How Music Can Supercharge Your Gains

Look Beyond the Confines of  Convention For More Muscle Growth

When I ask you to think of your two or three favorite sports supplements, what comes to mind?

Creatine … beta alanine … protein powder, maybe?

When we think of a performance-boosting supplement, typically what comes to mind is something we ingest, like creatine. However, science has shown us that if we bother to look beyond the confines of convention, what we find is a whole other realm of “ergogenic aids,” which don’t come in powders or pills.  Among the most potent of these unconventional performance “supplements,” according to recent research, is music.

The fact that we’re influenced by music should come as no big shocker.

 Those who work out to techno or head-bangin’ rock ’n’ roll have long recognized the intoxicating power of an adrenaline spiking song. But recent studies show that music does more than just get us going or “pump us up.” It may actually alter the body’s physiology, or as Rock ’n’ Roll Hall of Famer Carlos Santana puts it, “rearrange the molecular structure of the listener.”

The most recent of these studies investigating this peculiar phenomenon comes from the Department of Life Sciences at England’s Nottingham Trent University.

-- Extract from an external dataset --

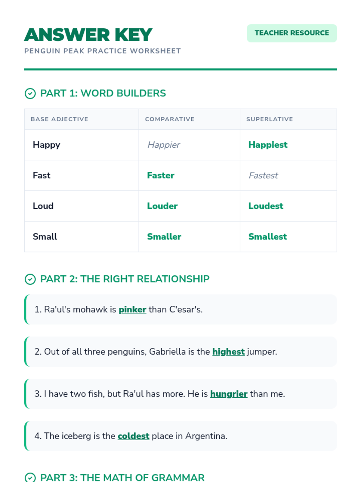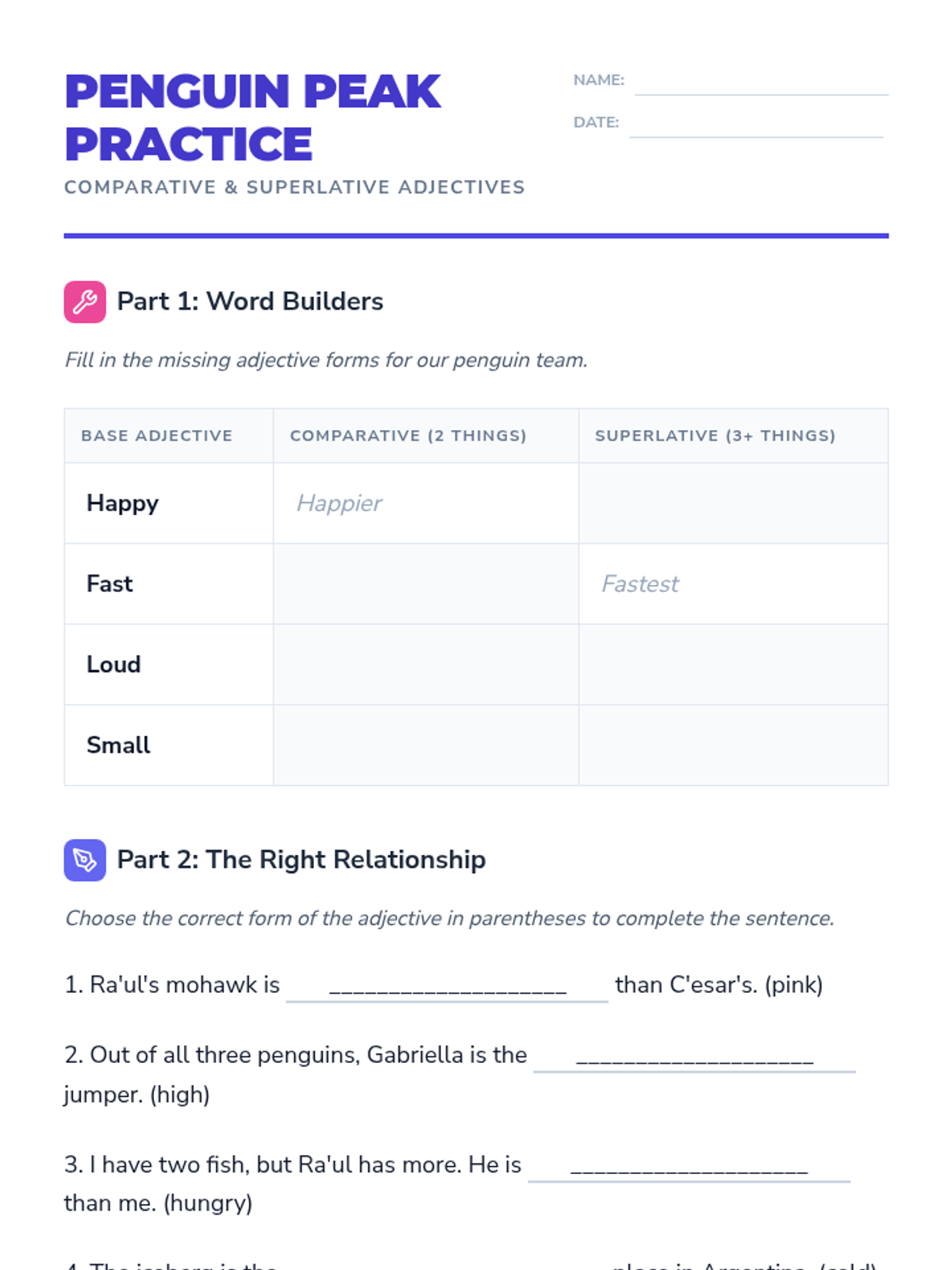 A kinesthetic grammar lesson where students use penguin-themed comparisons and a physical line-up activity to master comparative and superlative adjectives.

In this study, published last year in the Journal of Sports Medicine and Physical Fitness, Dr. Attila Szabo and colleagues set out to investigate whether musical tempo and its manipulation during exercise affect maximal workload (measured in watts) achieved during progressive cycling. 

To test this, the researchers recruited 24 male and female college students and had them each cycle in five separate test sessions that included exercising to no music (control); slow music; fast music; slow-to-fast music and finally fast-to-slow music. In the last two conditions, musical tempo was changed when the participant’s heart rate reached 70 percent of maximum.

In all test sessions, the participants started to cycle at 50 watts and then the workload was increased in increments of 25 watts every minute until self-declared exhaustion. Maximal-effort cycling was defined as the workload at the last completed minute of exercise.

 Dr. Szabo's Conclusion:

According to Dr. Szabo, results showed that a significantly higher workload was accomplished when the participants worked out to progressively “faster-paced” music. “The participants preferred the slow-to-fast music sessions more than the other sessions,” says Dr. Szabo. “Switching to slow-to-fast music during progressive exercise results in the accomplishment of more work without proportional changes in heart rate.”

 Whether these effects are due to an actual “rearrangement of the molecular structure” of the exerciser or simply to distraction from fatigue isn’t clear. What is apparent, however, is the powerful effect progressively faster paced music can have on increasing exercise workload. And, when you think about it, that’s all most conventional sports supplements do. Remember, typical supplements like creatine, for instance, have little direct effect on muscle size and strength. Instead, the accrual of strength is a response related to a greater workload and intensity of training that can be achieved.

 Of course, with creatine, or any other supplement for that matter, consistency is the key to achieving a desired result. So, it stands to reason, if done consistently over a period of months, listening to progressively faster-paced, uplifting music during your workouts could very well be associated with an enhanced accrual of not only cardiovascular conditioning (as shown in this study) but perhaps even muscle strength in intense weight-training programs.